→ **What needs to be done**: Repeat exactly the lines of the records below, starting at the line containing "Côté PEI : PLA/PLA+/PEEK/PETG/PETG-CF/TPU/PC/ABS/Nylon" and ending at the line containing "We recommend using". Leave the pictures out.

Stored data
+ + +

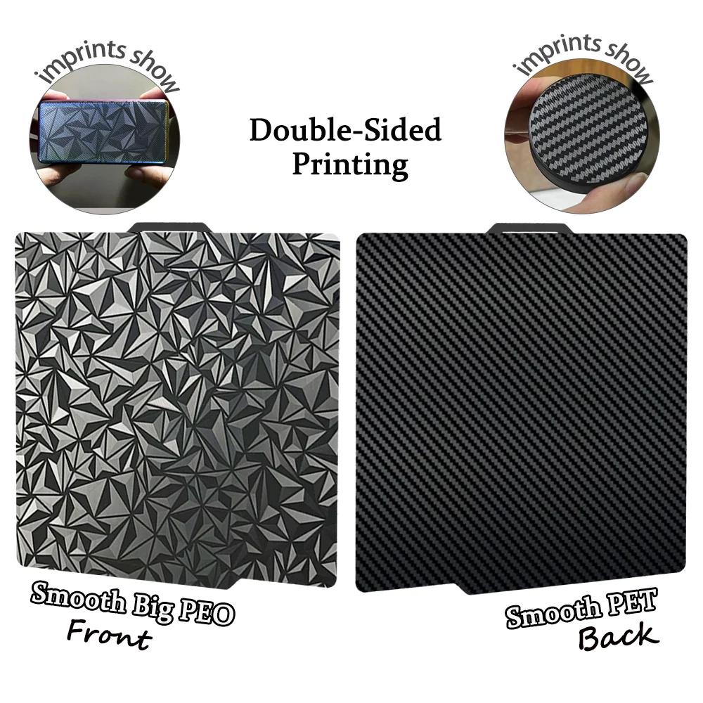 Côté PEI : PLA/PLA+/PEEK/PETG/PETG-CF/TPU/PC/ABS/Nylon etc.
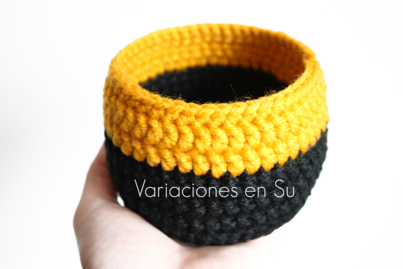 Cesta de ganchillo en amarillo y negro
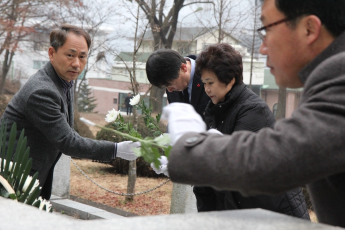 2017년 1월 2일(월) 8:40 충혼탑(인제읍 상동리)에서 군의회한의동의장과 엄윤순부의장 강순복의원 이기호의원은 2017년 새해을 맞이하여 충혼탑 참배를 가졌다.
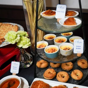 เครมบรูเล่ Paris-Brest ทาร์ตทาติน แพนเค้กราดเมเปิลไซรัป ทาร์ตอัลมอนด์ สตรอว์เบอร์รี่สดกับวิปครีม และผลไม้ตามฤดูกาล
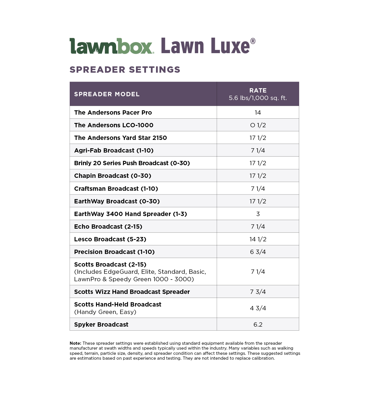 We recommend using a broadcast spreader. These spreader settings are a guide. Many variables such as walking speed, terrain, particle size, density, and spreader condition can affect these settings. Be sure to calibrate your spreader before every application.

+ + +

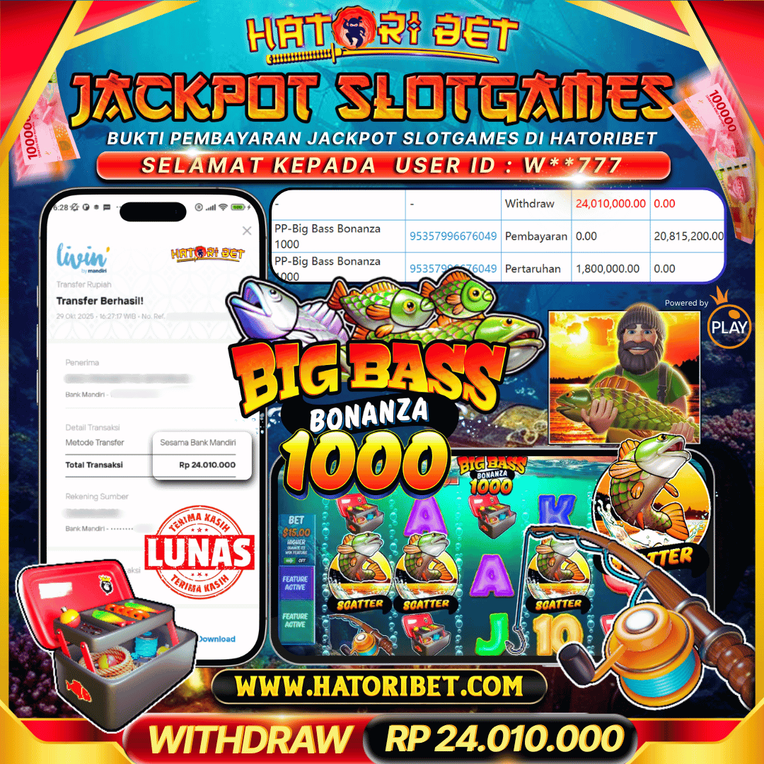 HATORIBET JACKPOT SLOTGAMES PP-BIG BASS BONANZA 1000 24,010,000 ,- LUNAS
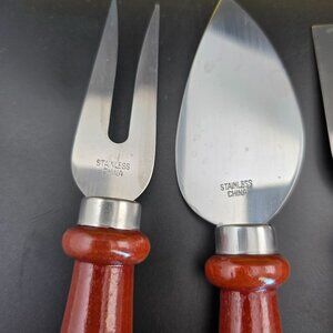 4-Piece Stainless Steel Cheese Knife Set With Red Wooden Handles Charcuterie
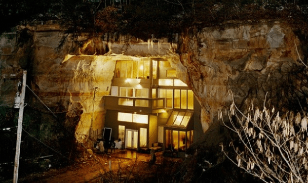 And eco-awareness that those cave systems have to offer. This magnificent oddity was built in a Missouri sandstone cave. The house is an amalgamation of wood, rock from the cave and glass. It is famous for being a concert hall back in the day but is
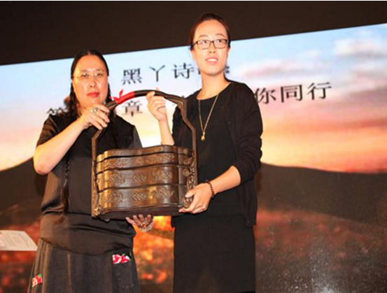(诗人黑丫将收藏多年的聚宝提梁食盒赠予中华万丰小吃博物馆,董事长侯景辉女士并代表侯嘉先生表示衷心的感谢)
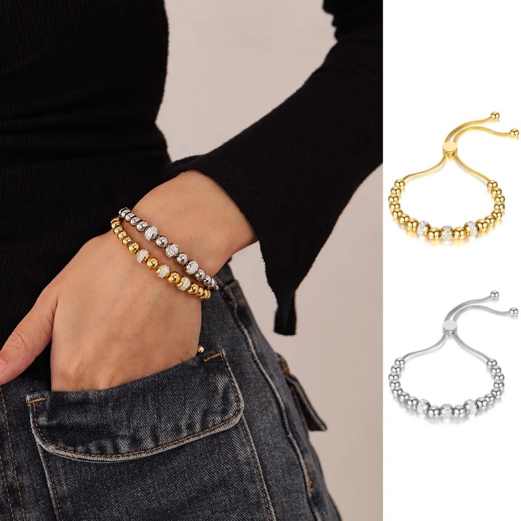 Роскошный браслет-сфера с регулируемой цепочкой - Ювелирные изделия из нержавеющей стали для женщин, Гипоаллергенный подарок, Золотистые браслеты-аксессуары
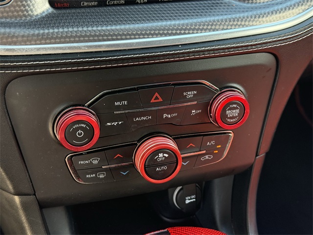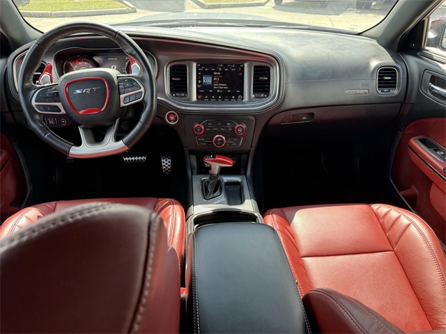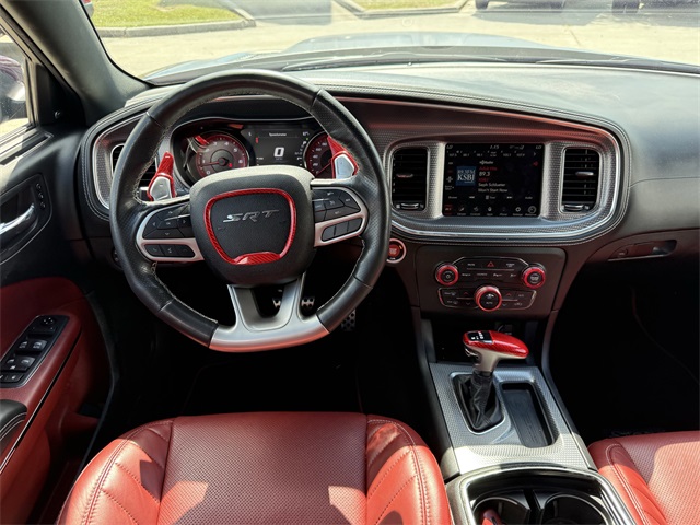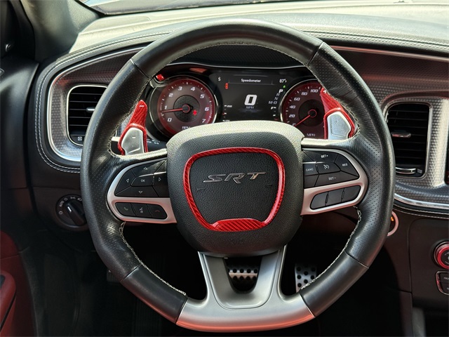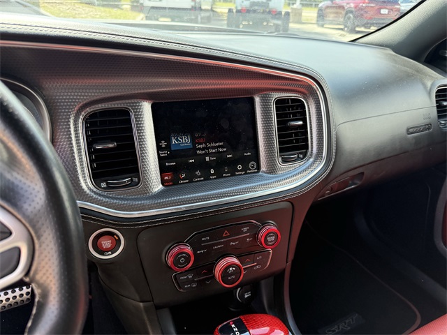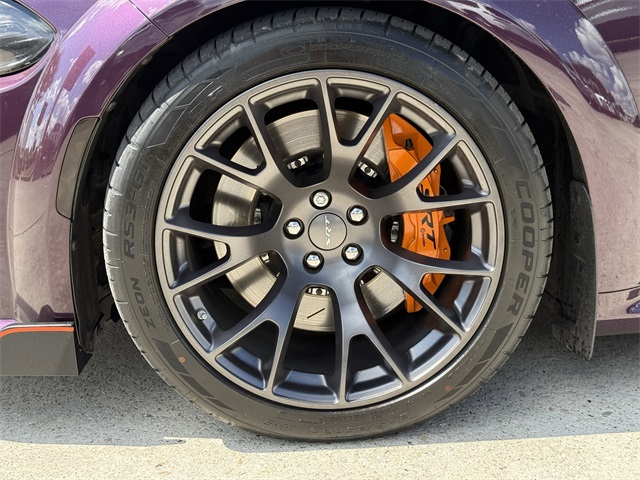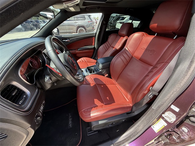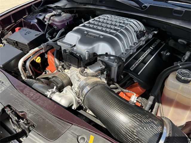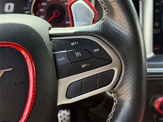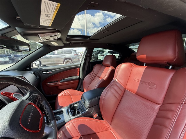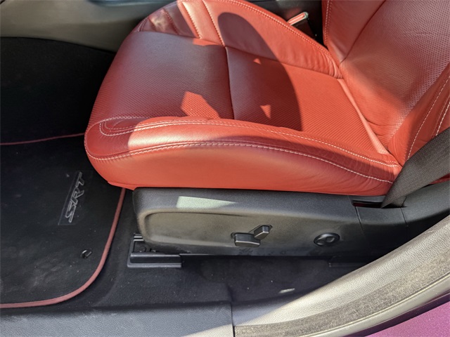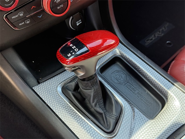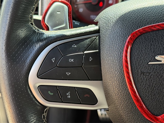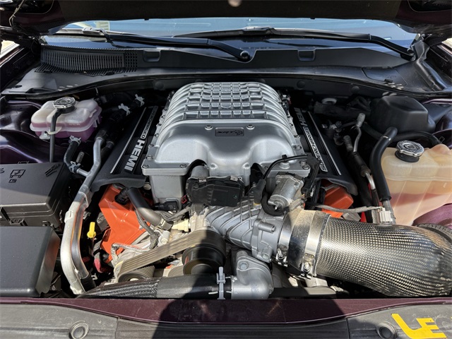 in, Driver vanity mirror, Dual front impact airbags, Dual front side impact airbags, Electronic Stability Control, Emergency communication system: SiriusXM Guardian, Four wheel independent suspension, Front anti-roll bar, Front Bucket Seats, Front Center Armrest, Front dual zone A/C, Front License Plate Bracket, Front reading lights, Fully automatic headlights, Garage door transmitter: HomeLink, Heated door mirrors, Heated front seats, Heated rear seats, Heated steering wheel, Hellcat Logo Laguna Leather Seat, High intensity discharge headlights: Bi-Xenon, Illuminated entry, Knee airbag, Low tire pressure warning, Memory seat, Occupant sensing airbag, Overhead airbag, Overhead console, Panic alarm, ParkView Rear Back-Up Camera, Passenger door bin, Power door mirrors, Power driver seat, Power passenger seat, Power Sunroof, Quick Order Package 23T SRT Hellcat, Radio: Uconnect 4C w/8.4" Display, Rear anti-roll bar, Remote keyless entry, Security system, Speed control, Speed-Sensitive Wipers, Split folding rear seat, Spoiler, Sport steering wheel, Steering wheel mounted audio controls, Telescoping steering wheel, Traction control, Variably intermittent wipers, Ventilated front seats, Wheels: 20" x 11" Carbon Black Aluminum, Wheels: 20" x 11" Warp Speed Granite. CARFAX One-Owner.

+ + +

→ **Answer box**:
 Côté PEI : PLA/PLA+/PEEK/PETG/PETG-CF/TPU/PC/ABS/Nylon etc.
 Cesta de ganchillo en amarillo y negro
 2017년 1월 2일(월) 8:40 충혼탑(인제읍 상동리)에서 군의회한의동의장과 엄윤순부의장 강순복의원 이기호의원은 2017년 새해을 맞이하여 충혼탑 참배를 가졌다.
 เครมบรูเล่ Paris-Brest ทาร์ตทาติน แพนเค้กราดเมเปิลไซรัป ทาร์ตอัลมอนด์ สตรอว์เบอร์รี่สดกับวิปครีม และผลไม้ตามฤดูกาล
 We recommend using a broadcast spreader. These spreader settings are a guide. Many variables such as walking speed, terrain, particle size, density, and spreader condition can affect these settings. Be sure to calibrate your spreader before every application.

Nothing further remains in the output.